この記事を読めば、どなたでも安心して挨拶状を書けるようになります。
目次
香典返しの挨拶状とは?
香典返しの挨拶状は、葬儀で香典を頂いた方へ感謝を示し、香典返しの品物を同封または別送する際に添えるお礼状です。
故人の冥福を祈りつつ、遺族として礼を尽くす場面だからこそ、格式と温かさを両立させた言葉選びが求められます。
挨拶状の目的と重要性
- 感謝の気持ちを正式に伝える
- 遺族としての礼節を保つ
- 今後のご縁を大切にする意思表示
香典返しと香典返しの挨拶状の違い
区分 | 内容 | ポイント |
---|---|---|
香典返し(品物) | タオル・お茶・カタログギフトなど | 地域慣習と価格帯(半返し)が目安 |
挨拶状 | 品物や現金書留に添える書面 | 書式や敬語の正確さが必須 |
香典返しの挨拶状を送るタイミング
送付時期を誤ると、先方に失礼となるだけでなく宗教・地域慣習との不一致を招きます。
ここでは一般的な仏式を中心としつつ、宗派や地域の差異に配慮したタイミングの決め方を解説します。
四十九日法要後
- 一般的目安:忌明け後の1〜2週間以内
- 法要当日に授与品を手渡す場合は同封で可
- 遠方の参列者・辞退者には後日郵送
三十五日法要で忌明けとなる地域
- 孤立地域や浄土真宗など
- 三十五日+1週間が目安
遅れた場合の対処
- 挨拶状の冒頭でお詫び
- 理由は簡潔に(「諸般の事情により遅延し…」)
- 送付が3か月超なら電話連絡で先に謝意を伝える
挨拶状の基本構成とマナー
形式を整えながらも温かみを持たせるには、「定型+故人らしさ+遺族の感謝」をバランスよく配置することがコツです。
全体構成(縦書きを想定)
- 頭語(謹啓・拝啓)
- 時候の挨拶
- 御礼の言葉
- 故人の逝去報告と生前の厚誼への感謝
- 香典返しの品物の案内
- 結語(敬具・謹白)
- 日付・差出人
頭語と結語
- 最も無難なのは「謹啓」「謹白」
- カジュアル禁止(「こんにちは」等はNG)
時候の挨拶
- 忌明け後であれば季節の言葉を使用: 「向暑の候 皆様にはいよいよご清祥のこととお慶び申し上げます。

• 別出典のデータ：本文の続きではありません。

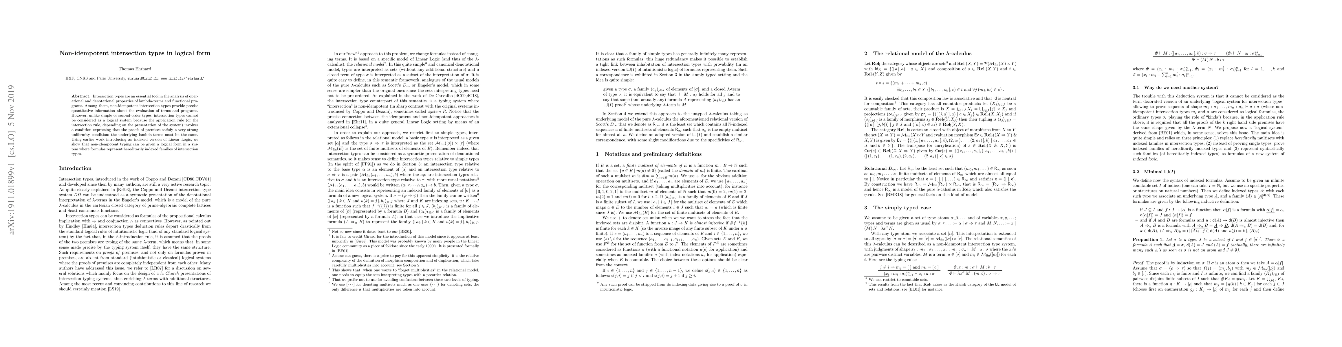 Intersection types are an essential tool in the analysis of operational and denotational properties of lambda-terms and functional programs. Among them, non-idempotent intersection types provide precise quantitative information about the evaluation of terms and programs. However, unlike simple or second-order types, intersection types cannot be considered as a logical system because the application rule (or the intersection rule, depending on the presentation of the system) involves a condition expressing that the proofs of premises satisfy a very strong uniformity condition: the underlying lambda-terms must be the same. Using earlier work introducing an indexed version of Linear Logic, we show that non-idempotent typing can be given a logical form in a system where formulas represent hereditarily indexed families of intersection types.

」
- 忌中は「時下」とし、季語を控える
故人への言及と感謝
「去る○月○日 享年◯歳にて永眠いたしました故 ○○ 儀 生前賜りましたご厚情に深く感謝申し上げます。」
品物の案内
「心ばかりの品をお届けいたしますので ご受納賜りますれば幸いに存じます。」
シーン別の例文集
関係性に応じた言葉選びは、同じフォーマルでも微妙に異なります。
以下の例文をベースに調整すると、失礼なく気持ちを伝えられます。
近親者向け(親戚・親族)
謹啓 向暑の候 皆様にはますますご清祥のこととお慶び申し上げます
去る○月○日 ○○が永眠いたしました折には ご丁重なるご香典並びに温かいお言葉を賜り 厚く御礼申し上げます
本日 忌明けの法要を相営み 供養の印として心ばかりの品をお送りいたしました
略儀ながら書中をもちまして御挨拶申し上げます
謹白
令和○年○月○日
喪主 ○○ ○○
友人・同僚向け
拝啓 盛夏の候 益々ご繁栄のこととお慶び申し上げます
父 ○○ 儀 逝去の折には ご丁重なるご厚志を賜り誠にありがとうございました
本来なら拝眉のうえ御礼申し上げるべきところ 略儀ながら書中をもちましてご挨拶申し上げます
敬具
会社関係・上司向け
謹啓 晩夏の候 貴社ますますご清栄のこととお慶び申し上げます
このたびは ご多忙のところ過分なるご厚志を賜り 誠にありがとうございました
忌明け法要を滞りなく相営みましたので 謹んで香典返しの品をお届け申し上げます
今後とも変わらぬご厚情を賜りますようお願い申し上げ 略儀ながら書中をもちまして御礼に代えさせていただきます
謹白
連名・団体宛て
拝啓 秋晴の候 皆さまにおかれましてはますますご清祥のこととお慶び申し上げます
先般は 故 ○○ 儀 の葬儀に際し 有志一同としてご厚志を賜り誠にありがとうございました
供養の印として心ばかりの品を同封いたしましたので ご笑納くださいませ
まずは書中をもちまして御礼申し上げます
敬具
NG集|やってはいけない表現と注意点
せっかく心を込めた挨拶状でも、タブー表現が含まれていると台無しに。
以下は必ずチェックしましょう。
タブー表現
- 「ご冥福をお祈りします」(忌明け後の遺族が使うのは不適切)
- **「再起を祈念」「がんばります」**など前向きすぎる語
カジュアルすぎる言い回し
- 絵文字・顔文字
- 口語体(「ありがとう!」など)
過度な装飾やデザイン
- 派手すぎるフォントや色紙
- キャラクター柄の便箋
香典返しの挨拶状を簡単に作成する方法
忙しい喪主や家族にとって、数十通〜数百通の挨拶状を手書きするのは大きな負担です。
効率的かつ丁寧に仕上げるコツを紹介します。
テンプレートの活用
- この記事の例文をコピペ → 故人名・日付を編集
- 表現の重複や誤字脱字チェックを忘れずに
オンラインサービス
- 挨拶状専門の印刷サイトを利用
- フォーマット選択 → 文面入力 → 校正 → 投函代行までワンストップ
専門業者への外注
- 仏壇店・葬儀社の提携印刷所
- 校正者によるマナー監修付きプランが安心
よくある質問(FAQ)
Q1. 忌明け前に香典返しの挨拶状を送ってもいいですか?
A. 基本的には忌明け後が正式ですが、遠方で法要に参加できない方には「略式挨拶状」を先に送り、正式な挨拶状は後日送付する方法もあります。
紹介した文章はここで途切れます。